The villages in the remote areas of Manipur will never be developed as the existing arrangement of Autonomous District Council has failed to do much for them owing to various reasons, corruption being the major, even though the instrument was created to take development to the last person in the village.

Many of the people in the remote villages still live close to the state of nature which is the main reason why they do not like to be represented, ruled or suppressed by others, including the NSCN (IM).
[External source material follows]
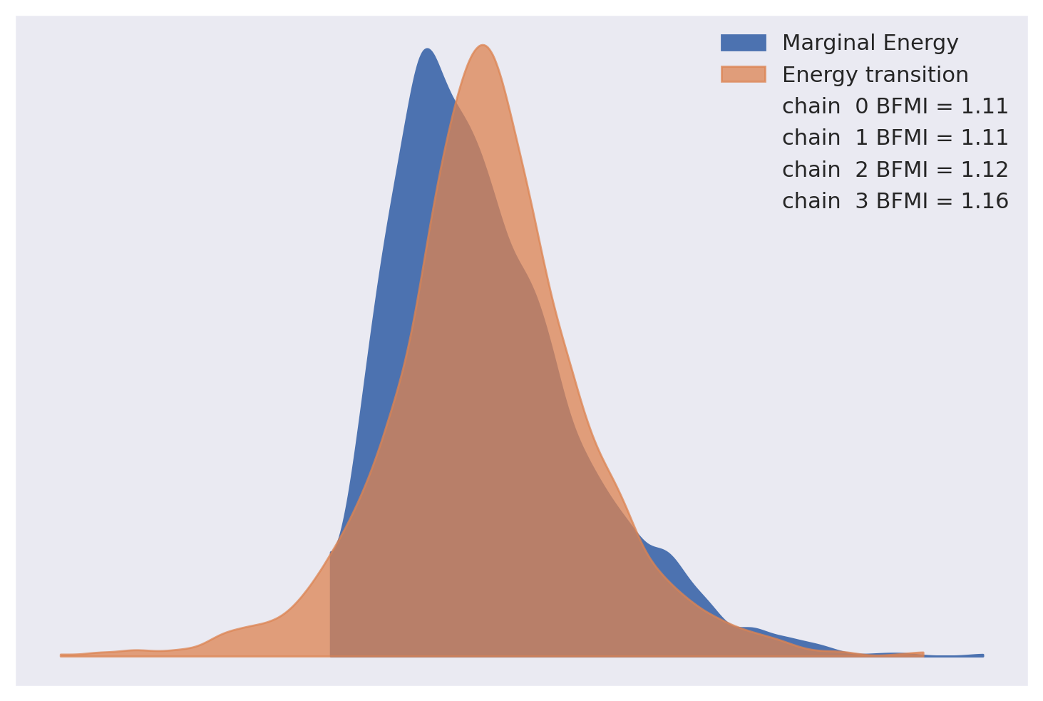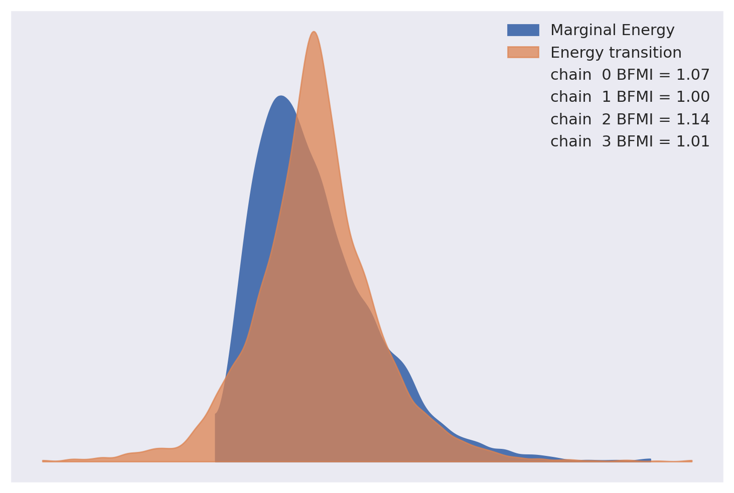 The energy plot and Bayesian fraction of missing information give no cause for concern about poor mixing in NUTS.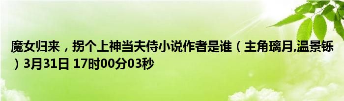 你們好,今天木子分享魔女歸來,拐個上神當夫侍小說作者是誰,跟隨我一起瞧瞧吧!

In the proposed settlement, a time-framed industrialisation and development in 10 years are to be brought about. Will those people evolve to the state of civilisation in 10 years because of pumping in of funds? Has anyone thought about the tenability and cost of such a fast-paced development?

(Md Chingiz Khan is a PhD Scholar at the Centre for Historical Studies, Jawaharlal Nehru University, New Delhi, and Mohammad Imtiyaj Khan is an Assistant Professor at Gauhati University, Guwahati, Assam.)